Available data
+--

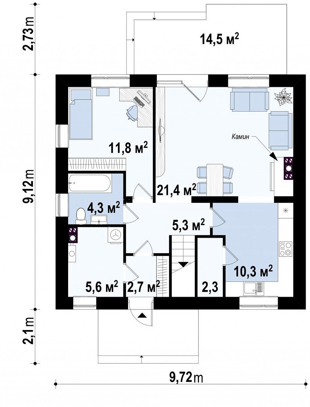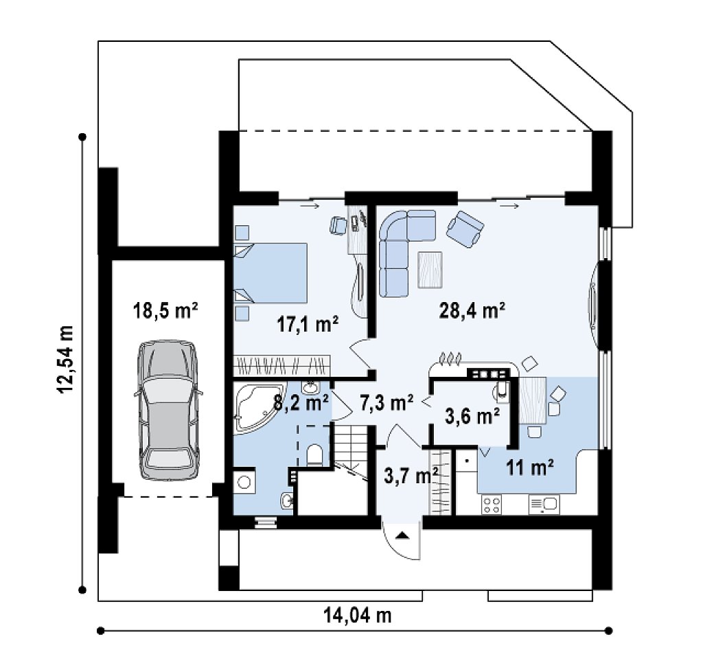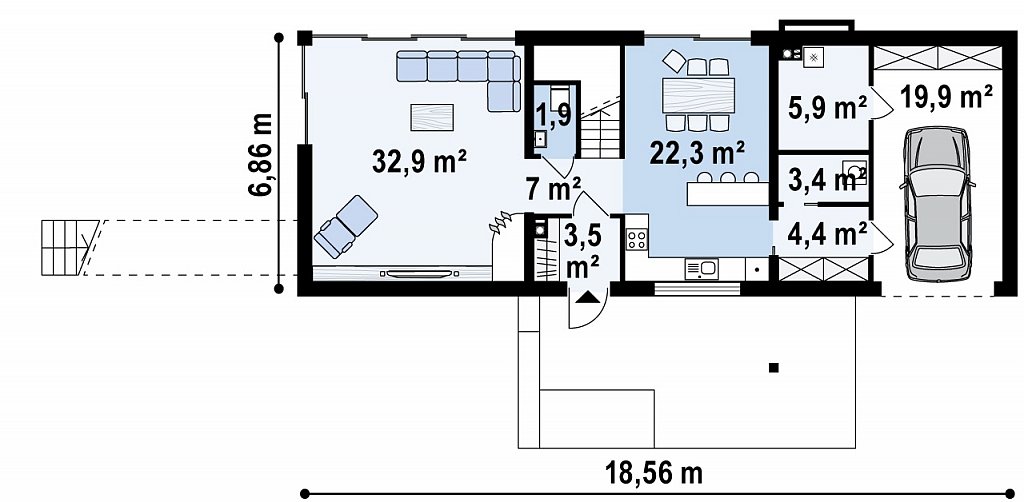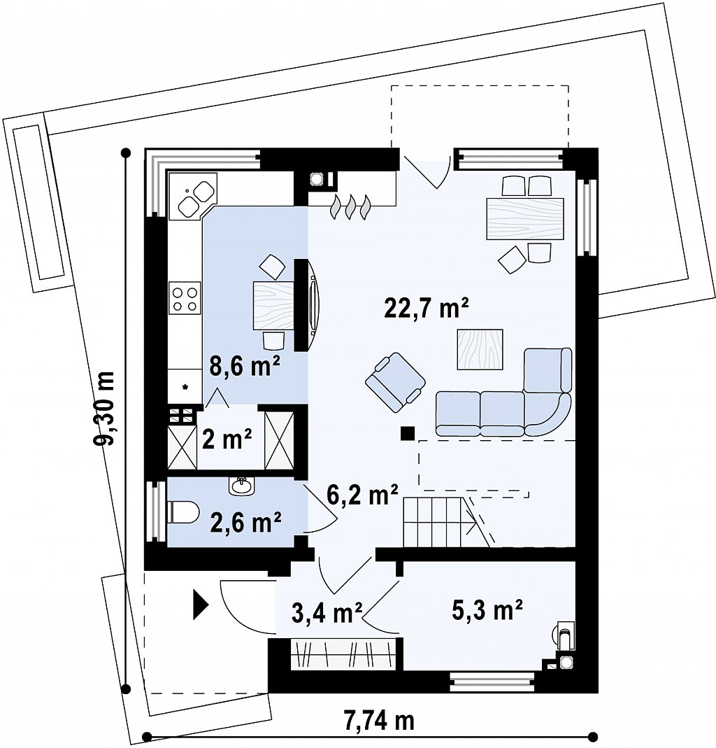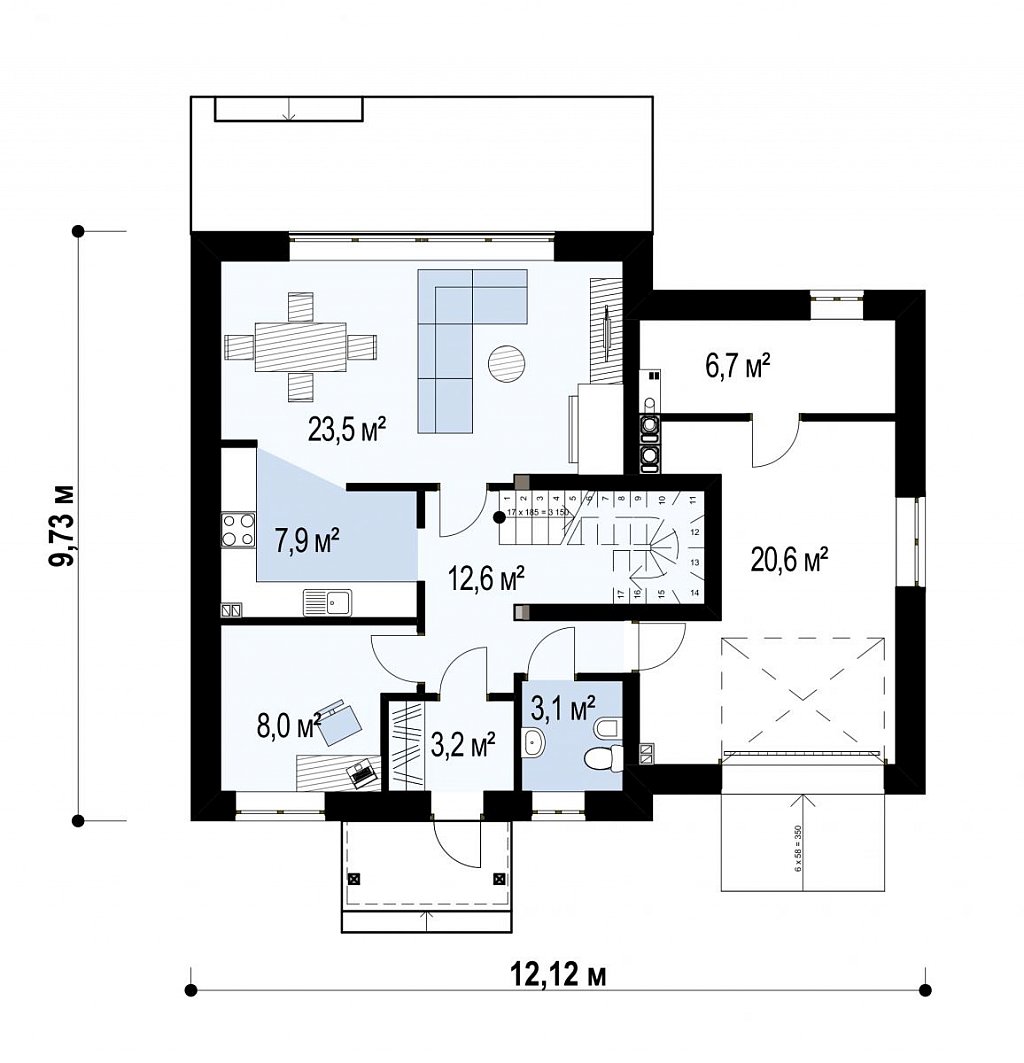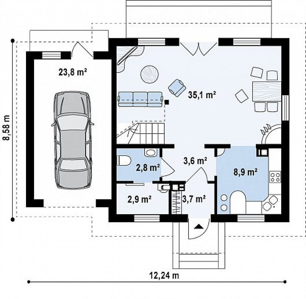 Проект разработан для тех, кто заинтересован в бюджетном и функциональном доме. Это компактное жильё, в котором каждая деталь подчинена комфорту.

+--

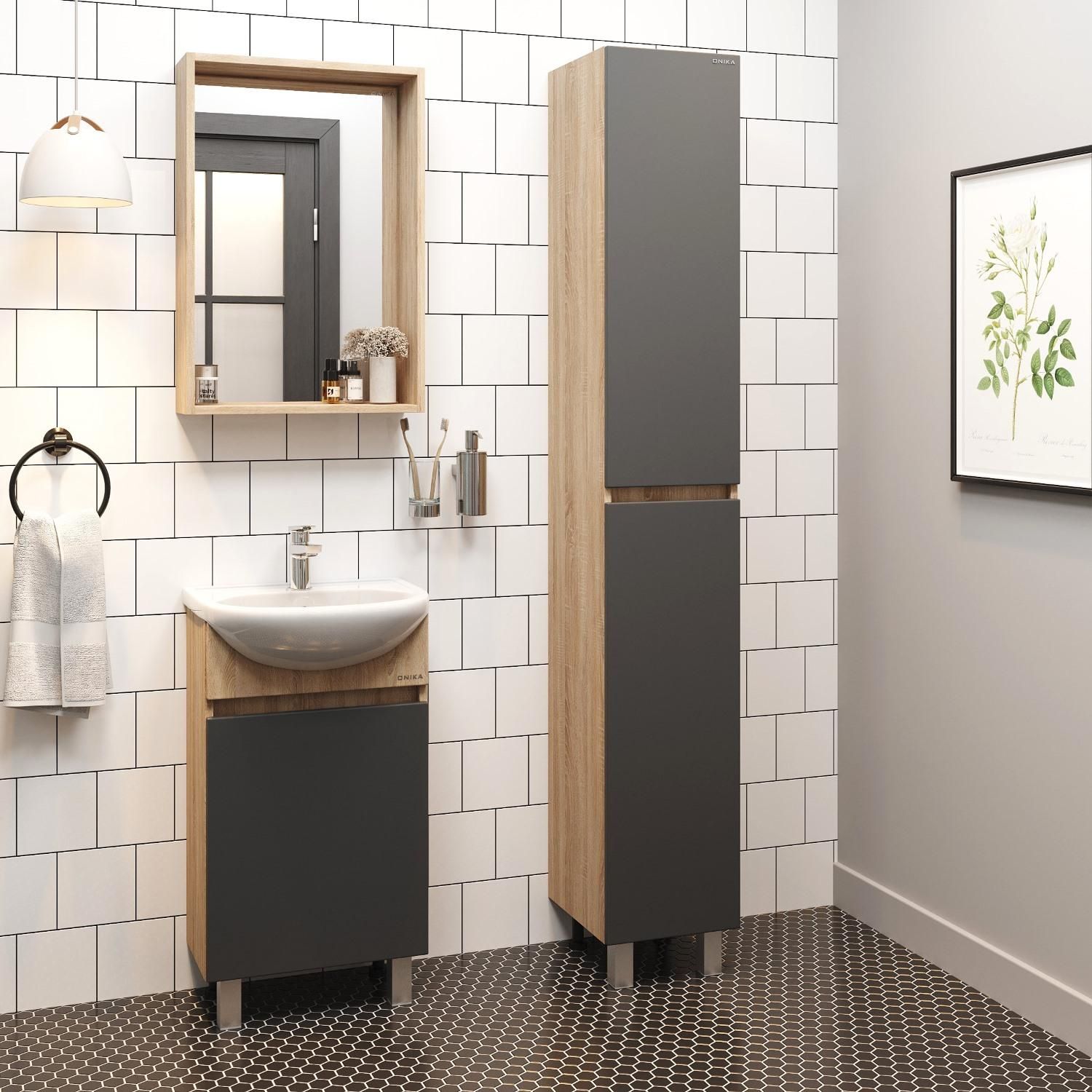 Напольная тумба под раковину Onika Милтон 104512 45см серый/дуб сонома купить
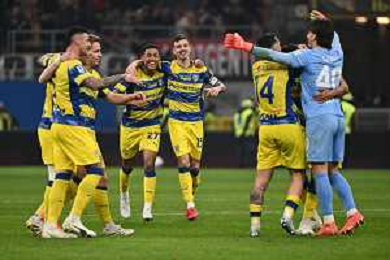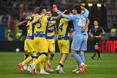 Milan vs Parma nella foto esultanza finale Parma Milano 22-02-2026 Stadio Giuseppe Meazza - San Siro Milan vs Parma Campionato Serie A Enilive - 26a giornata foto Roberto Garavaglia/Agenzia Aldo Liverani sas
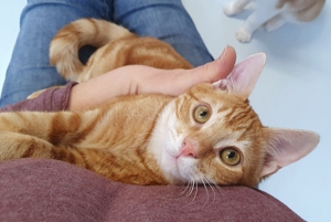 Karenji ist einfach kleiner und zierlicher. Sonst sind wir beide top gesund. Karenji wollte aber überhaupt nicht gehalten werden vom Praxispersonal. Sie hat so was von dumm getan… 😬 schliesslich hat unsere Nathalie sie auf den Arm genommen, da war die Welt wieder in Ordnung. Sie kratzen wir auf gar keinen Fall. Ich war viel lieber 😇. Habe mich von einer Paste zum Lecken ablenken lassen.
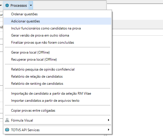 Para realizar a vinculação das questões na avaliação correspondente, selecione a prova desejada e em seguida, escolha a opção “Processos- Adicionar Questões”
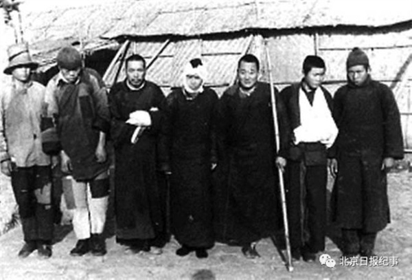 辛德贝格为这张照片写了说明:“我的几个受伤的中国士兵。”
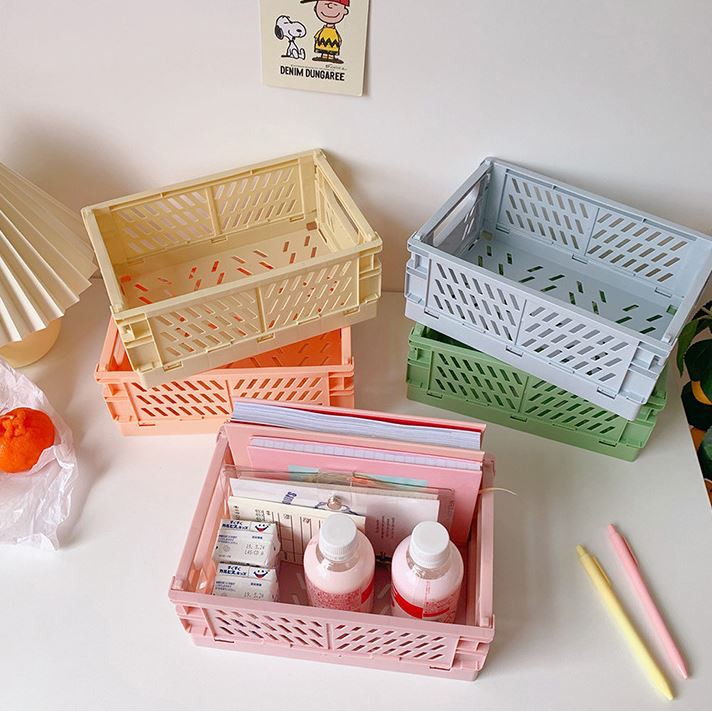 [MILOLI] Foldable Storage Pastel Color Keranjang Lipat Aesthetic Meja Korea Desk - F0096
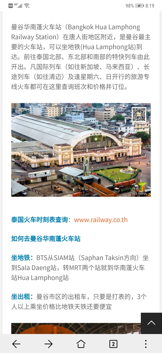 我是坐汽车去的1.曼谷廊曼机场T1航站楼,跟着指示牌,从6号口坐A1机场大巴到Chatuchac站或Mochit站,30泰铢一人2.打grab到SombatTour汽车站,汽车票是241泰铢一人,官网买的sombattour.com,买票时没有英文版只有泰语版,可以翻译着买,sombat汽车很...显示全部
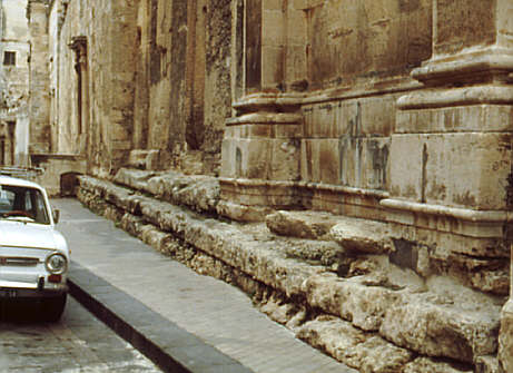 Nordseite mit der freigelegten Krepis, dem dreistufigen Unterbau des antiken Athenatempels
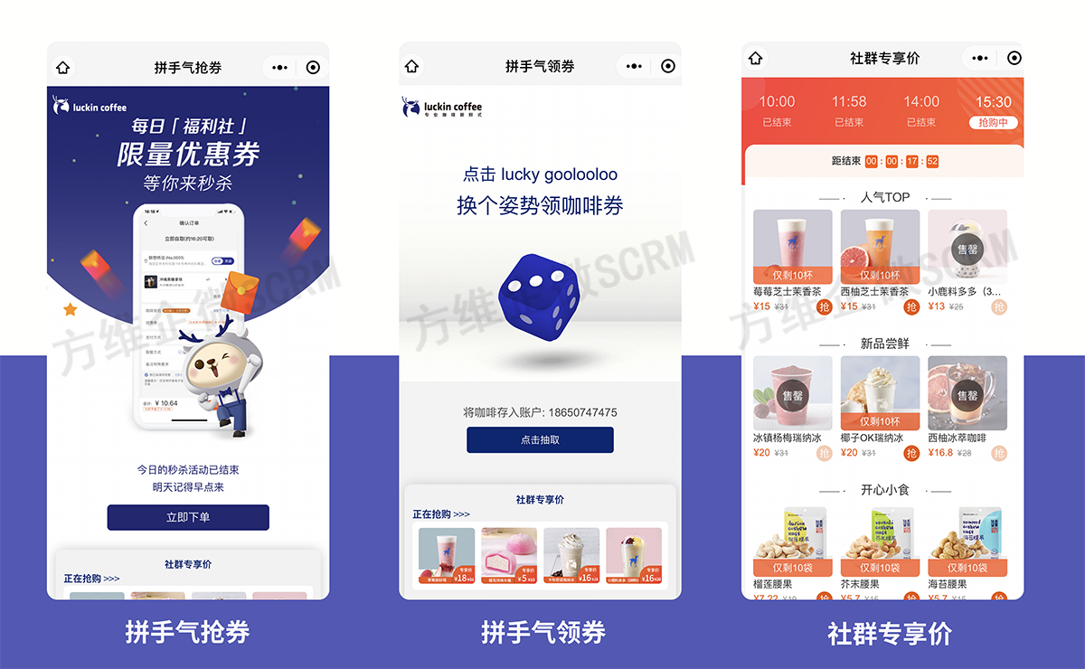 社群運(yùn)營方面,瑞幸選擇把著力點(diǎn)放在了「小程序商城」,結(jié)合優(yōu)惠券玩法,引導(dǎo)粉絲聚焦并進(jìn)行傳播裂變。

+--

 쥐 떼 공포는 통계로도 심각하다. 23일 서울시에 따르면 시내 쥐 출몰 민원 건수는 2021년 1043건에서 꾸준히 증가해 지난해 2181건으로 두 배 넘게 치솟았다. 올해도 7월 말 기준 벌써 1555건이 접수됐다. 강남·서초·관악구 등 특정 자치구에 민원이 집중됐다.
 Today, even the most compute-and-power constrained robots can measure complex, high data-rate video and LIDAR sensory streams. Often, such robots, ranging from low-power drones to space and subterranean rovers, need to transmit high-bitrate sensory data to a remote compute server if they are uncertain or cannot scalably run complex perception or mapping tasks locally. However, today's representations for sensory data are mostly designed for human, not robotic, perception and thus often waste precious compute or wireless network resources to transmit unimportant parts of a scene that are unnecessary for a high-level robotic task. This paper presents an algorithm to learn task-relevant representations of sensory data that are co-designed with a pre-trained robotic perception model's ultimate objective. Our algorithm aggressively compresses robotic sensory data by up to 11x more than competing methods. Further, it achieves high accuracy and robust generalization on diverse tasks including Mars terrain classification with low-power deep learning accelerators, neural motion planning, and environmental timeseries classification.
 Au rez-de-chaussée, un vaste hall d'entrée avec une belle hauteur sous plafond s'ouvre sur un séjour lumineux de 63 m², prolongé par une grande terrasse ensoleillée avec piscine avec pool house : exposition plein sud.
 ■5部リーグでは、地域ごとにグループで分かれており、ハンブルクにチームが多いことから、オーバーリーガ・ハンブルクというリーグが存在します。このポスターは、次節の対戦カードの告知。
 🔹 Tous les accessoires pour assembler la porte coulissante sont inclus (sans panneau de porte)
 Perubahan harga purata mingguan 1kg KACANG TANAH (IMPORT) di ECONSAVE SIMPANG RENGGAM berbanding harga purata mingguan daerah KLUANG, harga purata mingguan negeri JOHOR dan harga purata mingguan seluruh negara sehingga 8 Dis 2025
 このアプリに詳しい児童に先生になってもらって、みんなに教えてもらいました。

+--

What is required
Print from the line containing "Nordseite mit der" through the line containing "社群運(yùn)營方面,瑞幸" in the data above, exactly as the lines stand, and omit every picture.

Answer to this exercise
 Nordseite mit der freigelegten Krepis, dem dreistufigen Unterbau des antiken Athenatempels
 社群運(yùn)營方面,瑞幸選擇把著力點(diǎn)放在了「小程序商城」,結(jié)合優(yōu)惠券玩法,引導(dǎo)粉絲聚焦并進(jìn)行傳播裂變。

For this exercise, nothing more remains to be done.